Start of Block
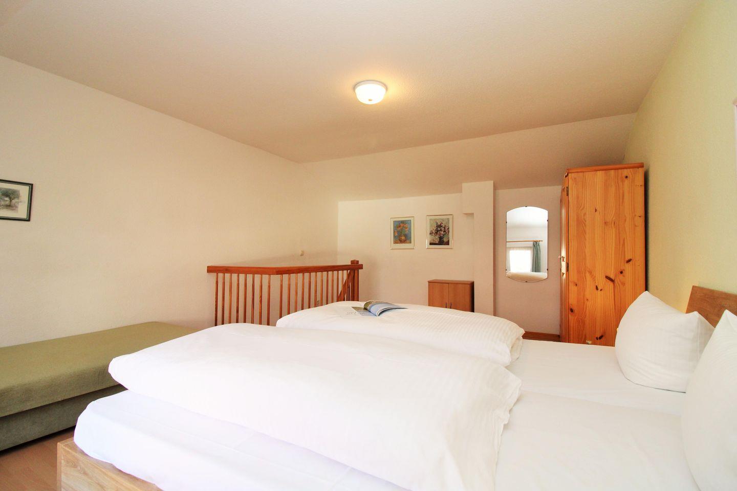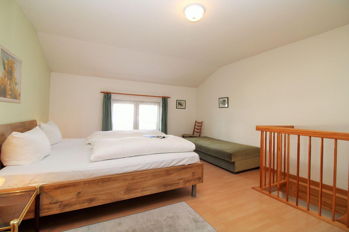 Das geräumige Schlafzimmer (im 1. OG) ist mit einem bequemen Doppelbett, Nachttischen mit Lampen, einem geräumigen Kleiderschrank sowie einer Wäschekommode eingerichtet.
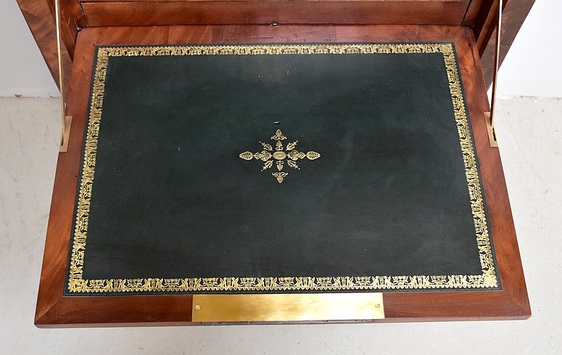En dessous, ce Secrétaire offre un abattant à quatre feuilles de Placage symétriques. Il découvre un Tabernacle composé d’une Niche, enjolivée par un panneau découpé en Arche et Colonnes factices. Ce Théâtre propose également sept tiroirs aux capacités diverses, dont le dernier est à ouverture Secrète. L’espace de travail, Solidement maintenu à l’horizontal par une Paire de Compas Droits, est recouvert d’un Cuir de couleur Verte, à Vignette Centrale et Frise Dorée.
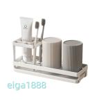 歯ブラシスタンド 置き型 防錆 大容量 歯ブラシ立て 洗面台用 水切り機能 歯磨き粉・電動歯ブラシ・シェーバー・洗顔フォーム収納 多機能 受け皿付き
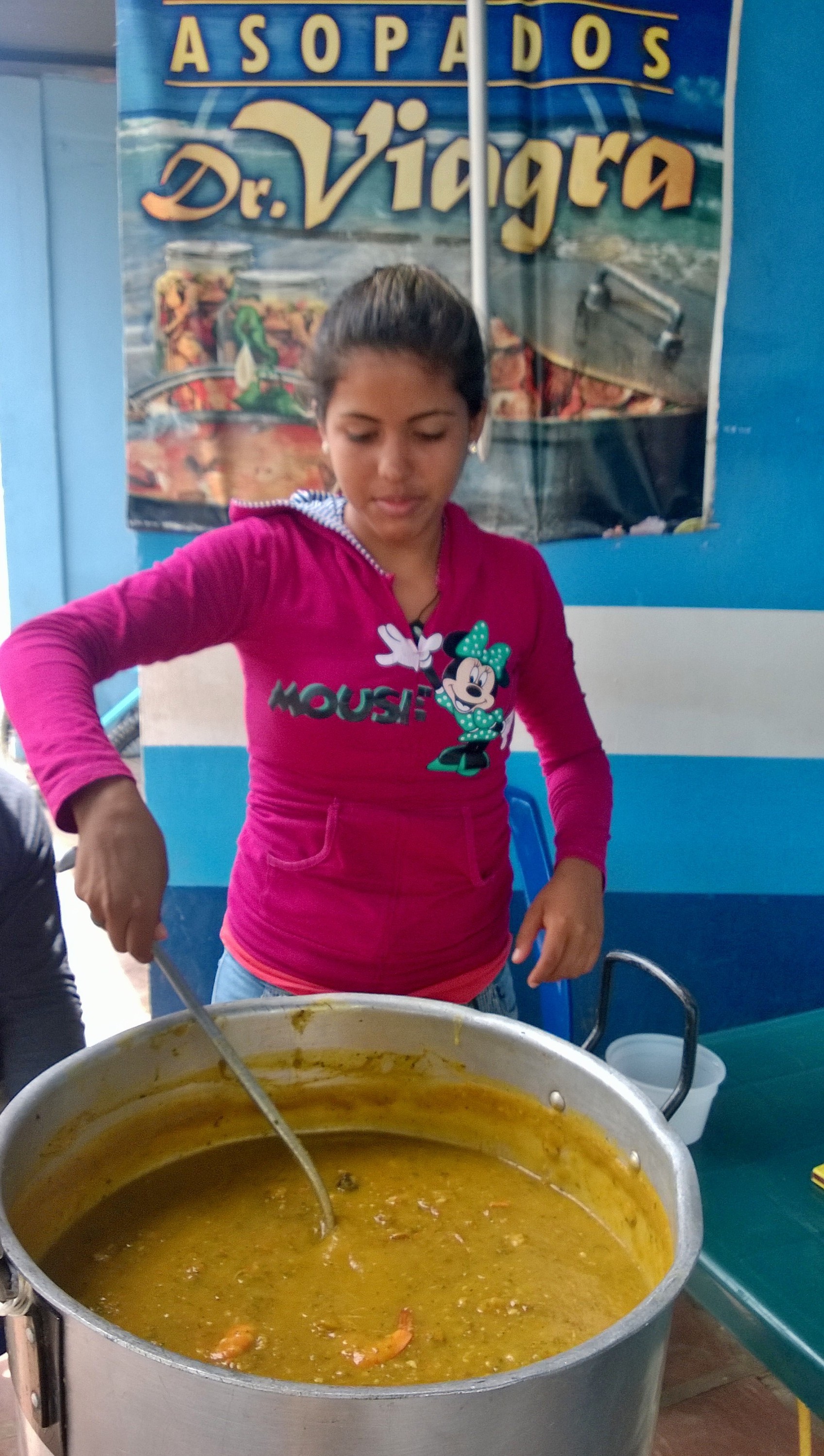 Bordeamos Carúpano desde Playa Patilla hasta Playa Grande, pasando por Los Uveros, Los Martínez, Güiria de la Playa y Copacabana, para luego adentrarnos en la Paria de El Morro, Rio Caribe, Pui Pui y Medina. Patilla y Copey conservan sus encantos. Patilla con sus cujíes y cocoteros; donde otrora abundaba la patilla y la auyama que acompañaban el fruto de la pesca; y Copey con su singular morro y laguna de flamencos. Mientras que Copacabana (también conocida como Garrapata) tiene una entrada que desalienta, invadida por latones y afiches politiqueros que buscan impunidad ante cualquier medida de ordenamiento o desalojo. El “vuelve a la vida” se ha sofisticado. En la playa y sus alrededores ofrecen un asopado con arenga afrodisiaca. El mismo ebulle en las ollas sancocheras. Es un potaje con base de auyama. Sin proponérnoslo tuvimos una experiencia “gourmet” en Casa Blanca. Un restaurant-posada especializado en paella ubicado en la avenida principal de Playa Copey. Su dueño es José María Carrión, un español orgulloso a más no poder, de su sazón y atención. No le falta razón. Sin lugar a dudas tiene con qué. Degustamos la Paella, precedida por unos langostinos al ajillo y tostones con aguacate. El y su señora se encargan de todo. Eso sí, se recomienda reservar por un tema de seguridad y para que la comida no se demore, ya que se hace al momento.
End of Block
Repeat the exact lines from the first line of the data through the line containing "歯ブラシスタンド 置き型 防錆". Nothing else, no pictures.

 Das geräumige Schlafzimmer (im 1. OG) ist mit einem bequemen Doppelbett, Nachttischen mit Lampen, einem geräumigen Kleiderschrank sowie einer Wäschekommode eingerichtet.
En dessous, ce Secrétaire offre un abattant à quatre feuilles de Placage symétriques. Il découvre un Tabernacle composé d’une Niche, enjolivée par un panneau découpé en Arche et Colonnes factices. Ce Théâtre propose également sept tiroirs aux capacités diverses, dont le dernier est à ouverture Secrète. L’espace de travail, Solidement maintenu à l’horizontal par une Paire de Compas Droits, est recouvert d’un Cuir de couleur Verte, à Vignette Centrale et Frise Dorée.
 歯ブラシスタンド 置き型 防錆 大容量 歯ブラシ立て 洗面台用 水切り機能 歯磨き粉・電動歯ブラシ・シェーバー・洗顔フォーム収納 多機能 受け皿付き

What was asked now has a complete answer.